## Your assignment
The result should be an exact copy of the entries below, free of pictures.

## Data records
##########
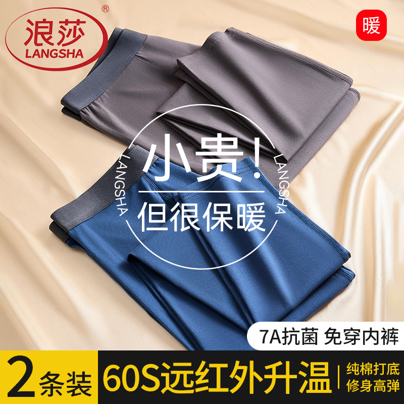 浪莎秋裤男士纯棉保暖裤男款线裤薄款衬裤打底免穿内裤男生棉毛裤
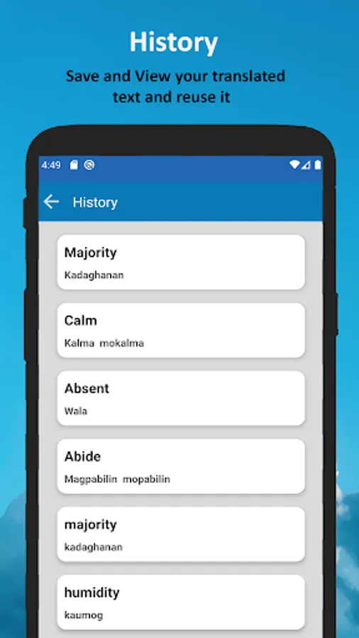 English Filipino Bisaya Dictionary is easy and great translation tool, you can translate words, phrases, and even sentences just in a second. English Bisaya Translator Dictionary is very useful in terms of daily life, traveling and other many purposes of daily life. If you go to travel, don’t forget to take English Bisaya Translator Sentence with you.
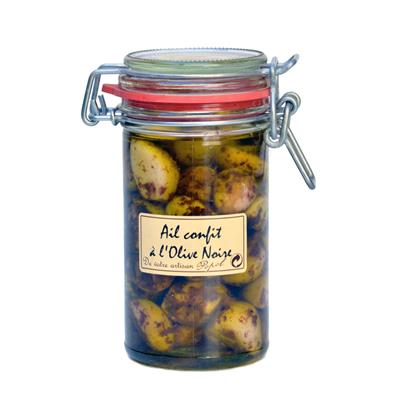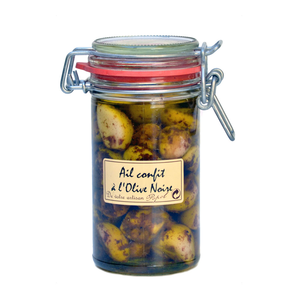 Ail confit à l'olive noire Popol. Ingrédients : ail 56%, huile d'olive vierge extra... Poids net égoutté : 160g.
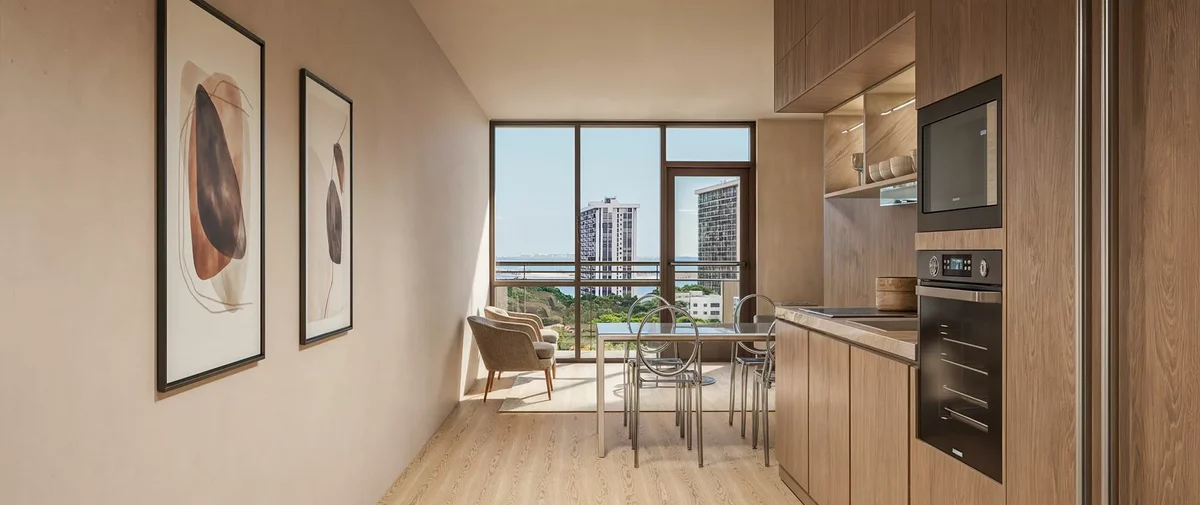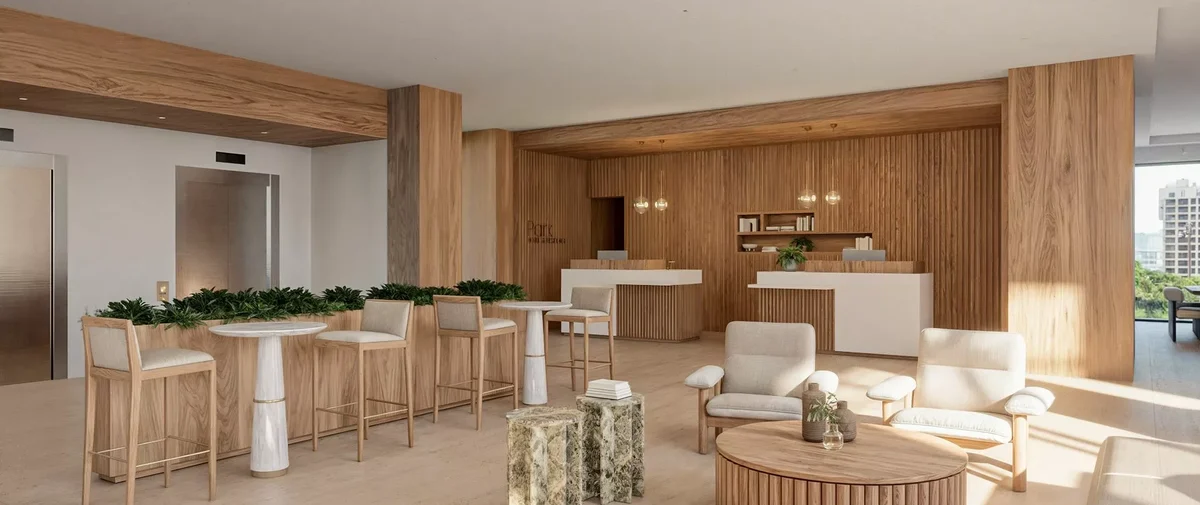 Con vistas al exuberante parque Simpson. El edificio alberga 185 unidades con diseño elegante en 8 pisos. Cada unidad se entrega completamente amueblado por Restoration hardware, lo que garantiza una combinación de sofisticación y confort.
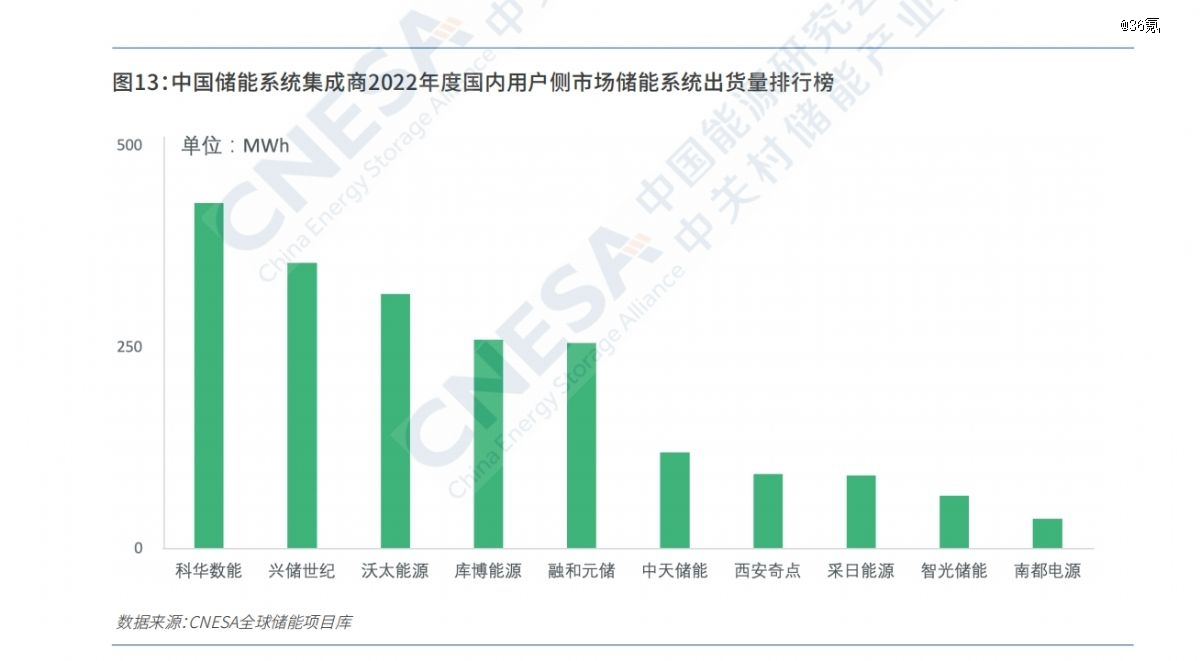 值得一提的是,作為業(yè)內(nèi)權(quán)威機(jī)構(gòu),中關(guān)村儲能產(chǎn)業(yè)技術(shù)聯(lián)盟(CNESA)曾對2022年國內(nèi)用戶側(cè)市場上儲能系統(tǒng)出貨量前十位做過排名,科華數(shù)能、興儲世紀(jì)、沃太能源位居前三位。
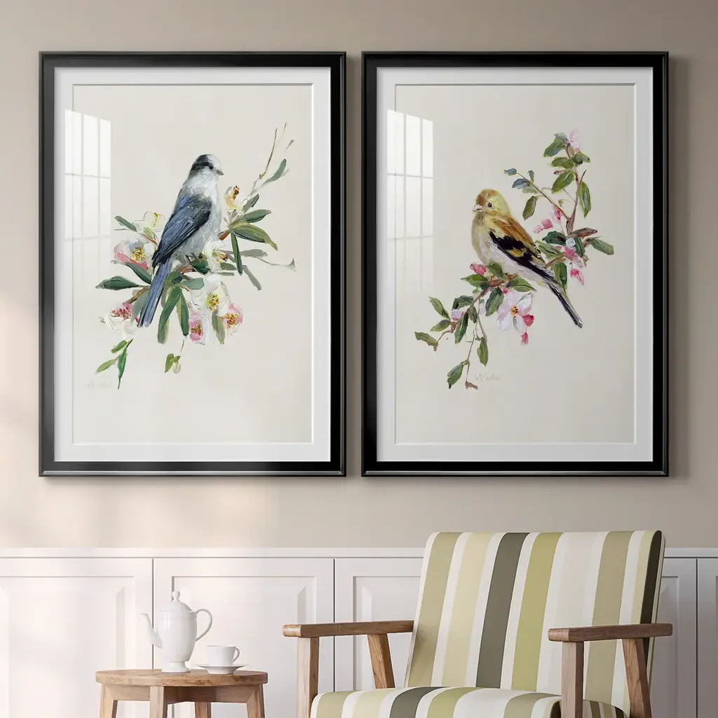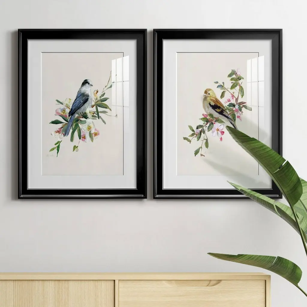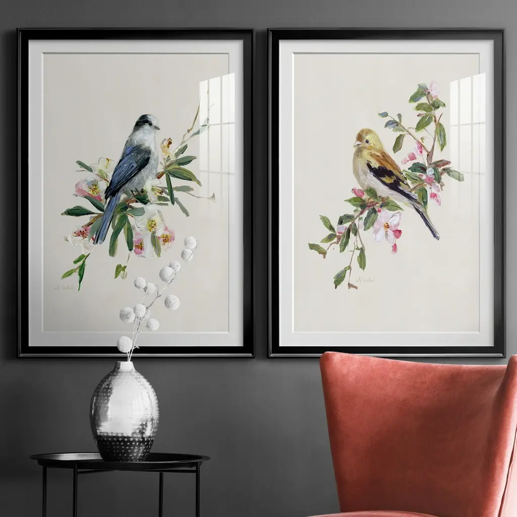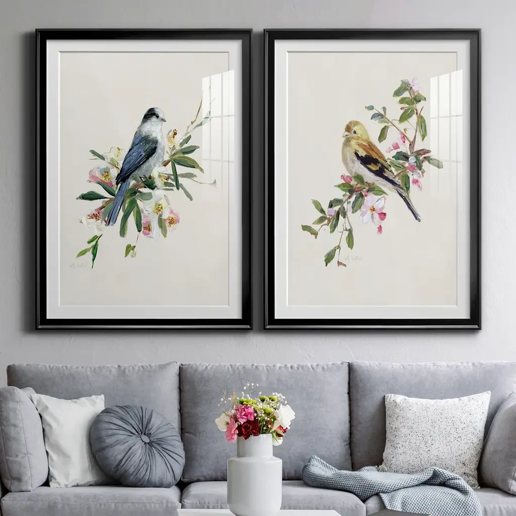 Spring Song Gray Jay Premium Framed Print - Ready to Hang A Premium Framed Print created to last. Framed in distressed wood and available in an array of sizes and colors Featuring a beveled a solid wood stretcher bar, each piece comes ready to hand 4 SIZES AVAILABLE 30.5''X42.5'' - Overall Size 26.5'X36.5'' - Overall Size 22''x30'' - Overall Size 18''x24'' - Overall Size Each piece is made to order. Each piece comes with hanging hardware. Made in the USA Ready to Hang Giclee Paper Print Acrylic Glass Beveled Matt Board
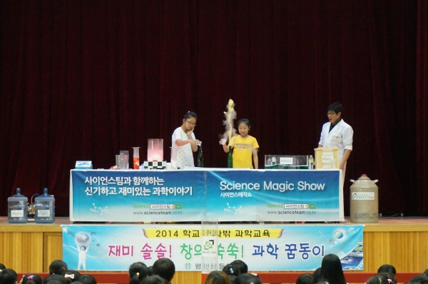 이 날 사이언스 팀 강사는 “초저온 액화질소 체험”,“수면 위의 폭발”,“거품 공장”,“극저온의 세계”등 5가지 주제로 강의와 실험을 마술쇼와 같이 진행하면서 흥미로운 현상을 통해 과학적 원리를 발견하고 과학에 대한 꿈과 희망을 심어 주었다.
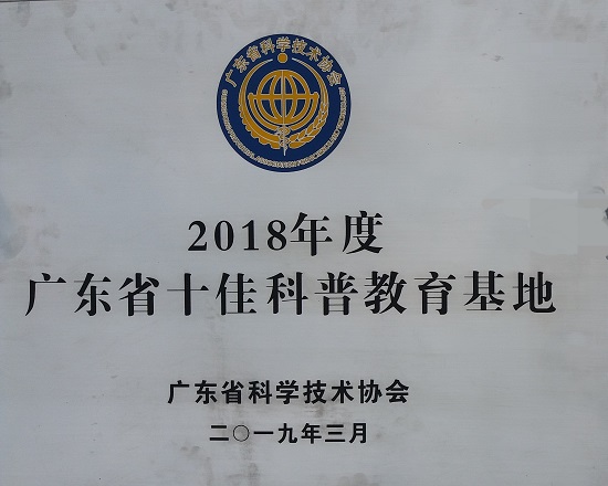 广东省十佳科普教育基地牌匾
##########
## Exercise solution
 浪莎秋裤男士纯棉保暖裤男款线裤薄款衬裤打底免穿内裤男生棉毛裤
 English Filipino Bisaya Dictionary is easy and great translation tool, you can translate words, phrases, and even sentences just in a second. English Bisaya Translator Dictionary is very useful in terms of daily life, traveling and other many purposes of daily life. If you go to travel, don’t forget to take English Bisaya Translator Sentence with you.
 Ail confit à l'olive noire Popol. Ingrédients : ail 56%, huile d'olive vierge extra... Poids net égoutté : 160g.
 Con vistas al exuberante parque Simpson. El edificio alberga 185 unidades con diseño elegante en 8 pisos. Cada unidad se entrega completamente amueblado por Restoration hardware, lo que garantiza una combinación de sofisticación y confort.
 值得一提的是,作為業(yè)內(nèi)權(quán)威機(jī)構(gòu),中關(guān)村儲能產(chǎn)業(yè)技術(shù)聯(lián)盟(CNESA)曾對2022年國內(nèi)用戶側(cè)市場上儲能系統(tǒng)出貨量前十位做過排名,科華數(shù)能、興儲世紀(jì)、沃太能源位居前三位。
 Spring Song Gray Jay Premium Framed Print - Ready to Hang A Premium Framed Print created to last. Framed in distressed wood and available in an array of sizes and colors Featuring a beveled a solid wood stretcher bar, each piece comes ready to hand 4 SIZES AVAILABLE 30.5''X42.5'' - Overall Size 26.5'X36.5'' - Overall Size 22''x30'' - Overall Size 18''x24'' - Overall Size Each piece is made to order. Each piece comes with hanging hardware. Made in the USA Ready to Hang Giclee Paper Print Acrylic Glass Beveled Matt Board
 이 날 사이언스 팀 강사는 “초저온 액화질소 체험”,“수면 위의 폭발”,“거품 공장”,“극저온의 세계”등 5가지 주제로 강의와 실험을 마술쇼와 같이 진행하면서 흥미로운 현상을 통해 과학적 원리를 발견하고 과학에 대한 꿈과 희망을 심어 주었다.
 广东省十佳科普教育基地牌匾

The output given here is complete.